** Problem details **
Please transcribe the records precisely; pictures stay out of your copy.

** Input records **
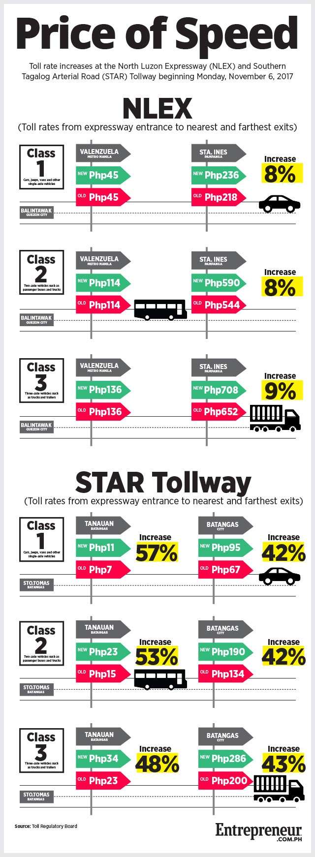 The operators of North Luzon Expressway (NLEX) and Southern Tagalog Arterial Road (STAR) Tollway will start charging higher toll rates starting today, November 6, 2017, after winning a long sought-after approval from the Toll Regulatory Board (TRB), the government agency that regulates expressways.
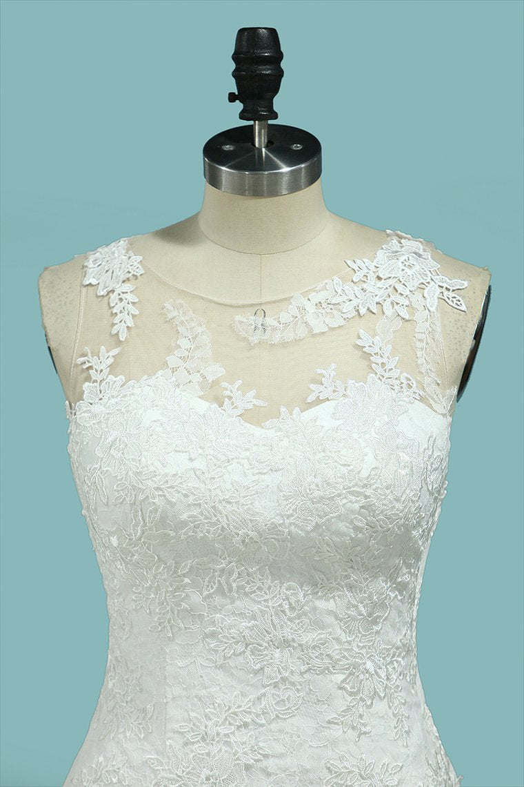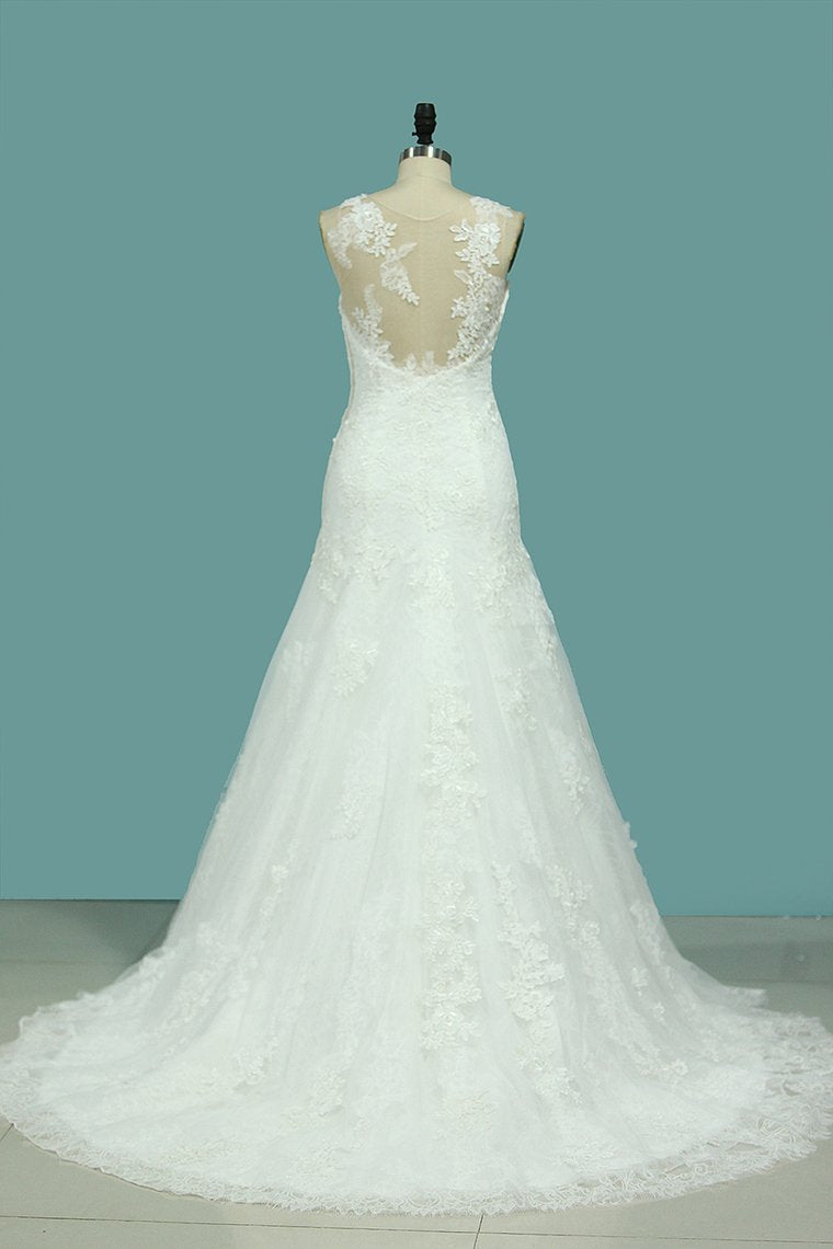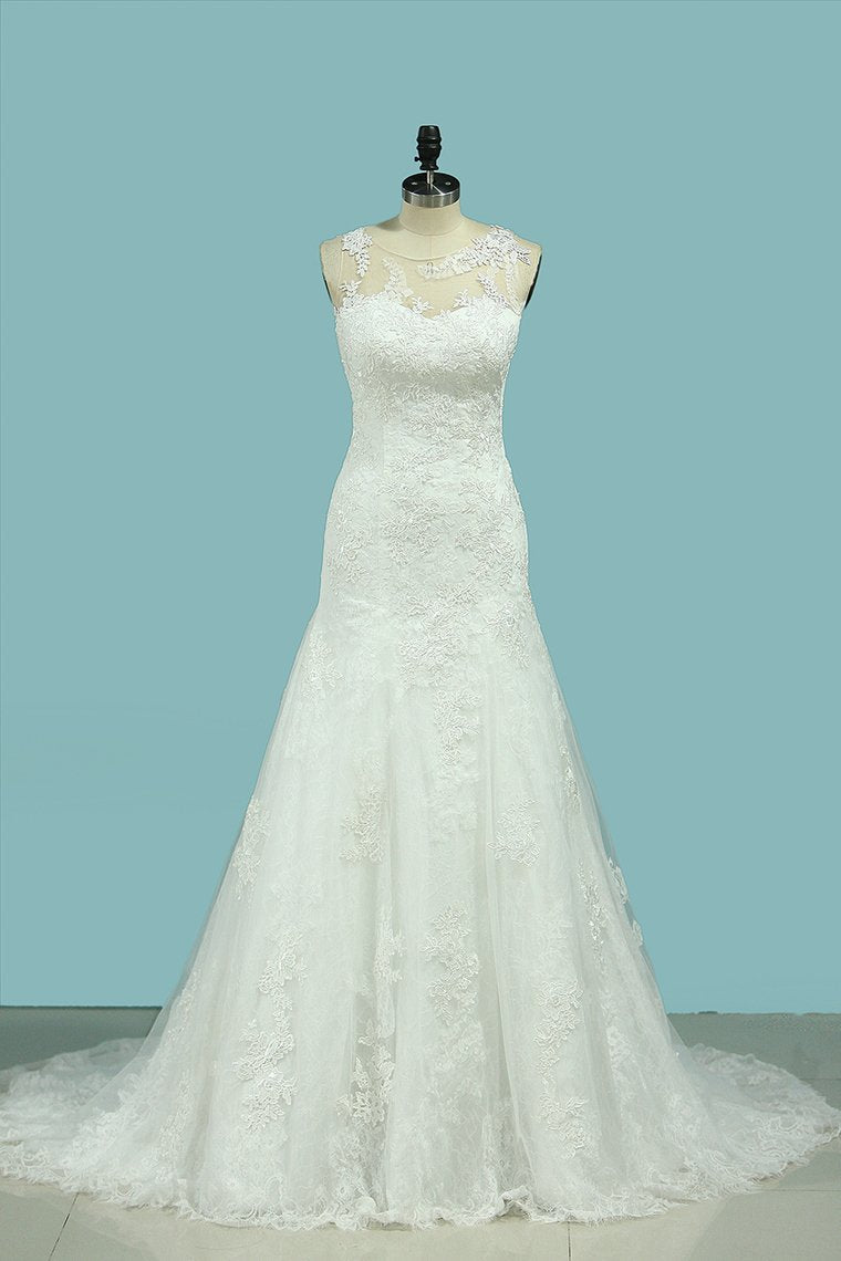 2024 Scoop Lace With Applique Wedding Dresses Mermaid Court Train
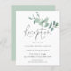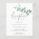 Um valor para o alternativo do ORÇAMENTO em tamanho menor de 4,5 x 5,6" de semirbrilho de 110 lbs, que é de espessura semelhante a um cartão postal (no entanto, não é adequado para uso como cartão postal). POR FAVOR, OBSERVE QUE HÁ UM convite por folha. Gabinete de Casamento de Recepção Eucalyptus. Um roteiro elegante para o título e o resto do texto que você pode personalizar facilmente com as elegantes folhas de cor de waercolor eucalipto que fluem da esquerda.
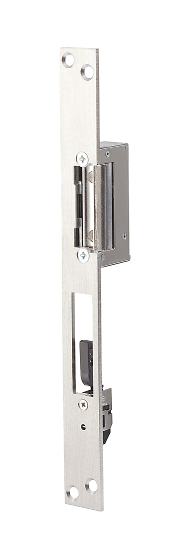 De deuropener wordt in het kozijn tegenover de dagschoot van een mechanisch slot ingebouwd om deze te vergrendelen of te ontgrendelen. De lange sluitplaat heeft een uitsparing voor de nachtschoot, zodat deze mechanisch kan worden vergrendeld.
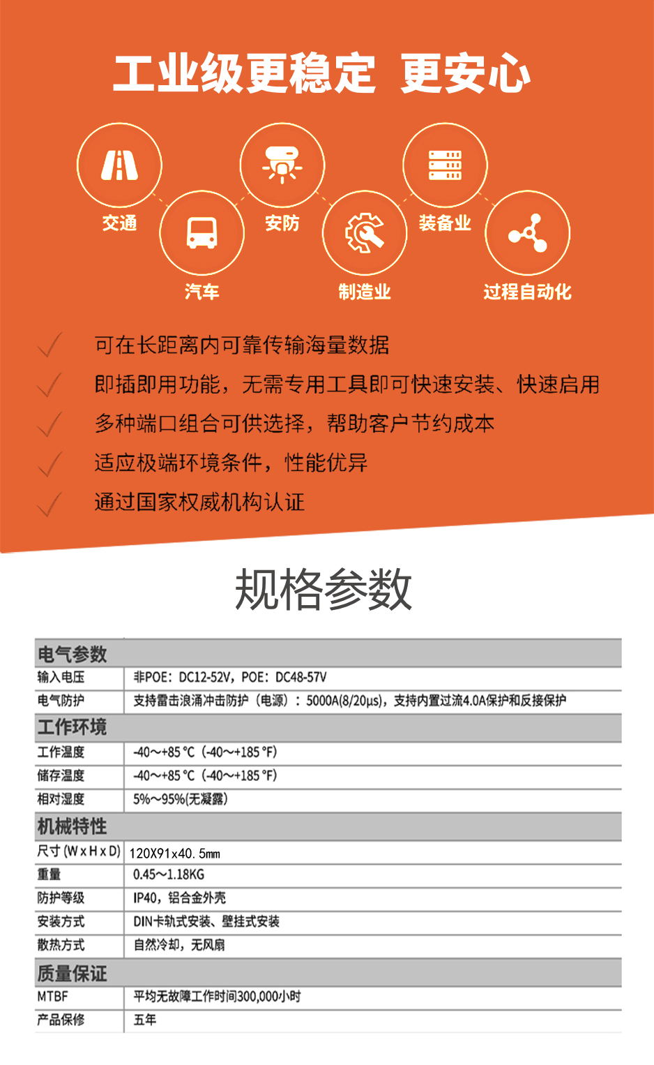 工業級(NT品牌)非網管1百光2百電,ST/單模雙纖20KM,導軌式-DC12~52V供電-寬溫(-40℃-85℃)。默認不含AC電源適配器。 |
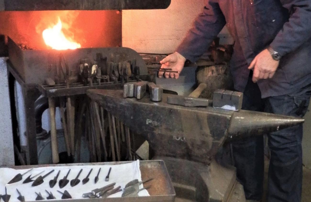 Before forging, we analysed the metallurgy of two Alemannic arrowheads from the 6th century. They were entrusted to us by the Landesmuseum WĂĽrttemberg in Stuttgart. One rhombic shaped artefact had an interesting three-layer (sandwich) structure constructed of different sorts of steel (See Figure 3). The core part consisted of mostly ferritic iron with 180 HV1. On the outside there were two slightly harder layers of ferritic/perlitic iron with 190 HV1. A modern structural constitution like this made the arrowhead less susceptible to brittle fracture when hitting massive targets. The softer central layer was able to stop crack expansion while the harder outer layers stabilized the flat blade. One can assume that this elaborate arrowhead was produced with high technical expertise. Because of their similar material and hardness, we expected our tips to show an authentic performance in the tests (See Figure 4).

** Reply **
 The operators of North Luzon Expressway (NLEX) and Southern Tagalog Arterial Road (STAR) Tollway will start charging higher toll rates starting today, November 6, 2017, after winning a long sought-after approval from the Toll Regulatory Board (TRB), the government agency that regulates expressways.
 2024 Scoop Lace With Applique Wedding Dresses Mermaid Court Train
 Um valor para o alternativo do ORÇAMENTO em tamanho menor de 4,5 x 5,6" de semirbrilho de 110 lbs, que é de espessura semelhante a um cartão postal (no entanto, não é adequado para uso como cartão postal). POR FAVOR, OBSERVE QUE HÁ UM convite por folha. Gabinete de Casamento de Recepção Eucalyptus. Um roteiro elegante para o título e o resto do texto que você pode personalizar facilmente com as elegantes folhas de cor de waercolor eucalipto que fluem da esquerda.
 De deuropener wordt in het kozijn tegenover de dagschoot van een mechanisch slot ingebouwd om deze te vergrendelen of te ontgrendelen. De lange sluitplaat heeft een uitsparing voor de nachtschoot, zodat deze mechanisch kan worden vergrendeld.
 工業級(NT品牌)非網管1百光2百電,ST/單模雙纖20KM,導軌式-DC12~52V供電-寬溫(-40℃-85℃)。默認不含AC電源適配器。 |
 Before forging, we analysed the metallurgy of two Alemannic arrowheads from the 6th century. They were entrusted to us by the Landesmuseum WĂĽrttemberg in Stuttgart. One rhombic shaped artefact had an interesting three-layer (sandwich) structure constructed of different sorts of steel (See Figure 3). The core part consisted of mostly ferritic iron with 180 HV1. On the outside there were two slightly harder layers of ferritic/perlitic iron with 190 HV1. A modern structural constitution like this made the arrowhead less susceptible to brittle fracture when hitting massive targets. The softer central layer was able to stop crack expansion while the harder outer layers stabilized the flat blade. One can assume that this elaborate arrowhead was produced with high technical expertise. Because of their similar material and hardness, we expected our tips to show an authentic performance in the tests (See Figure 4).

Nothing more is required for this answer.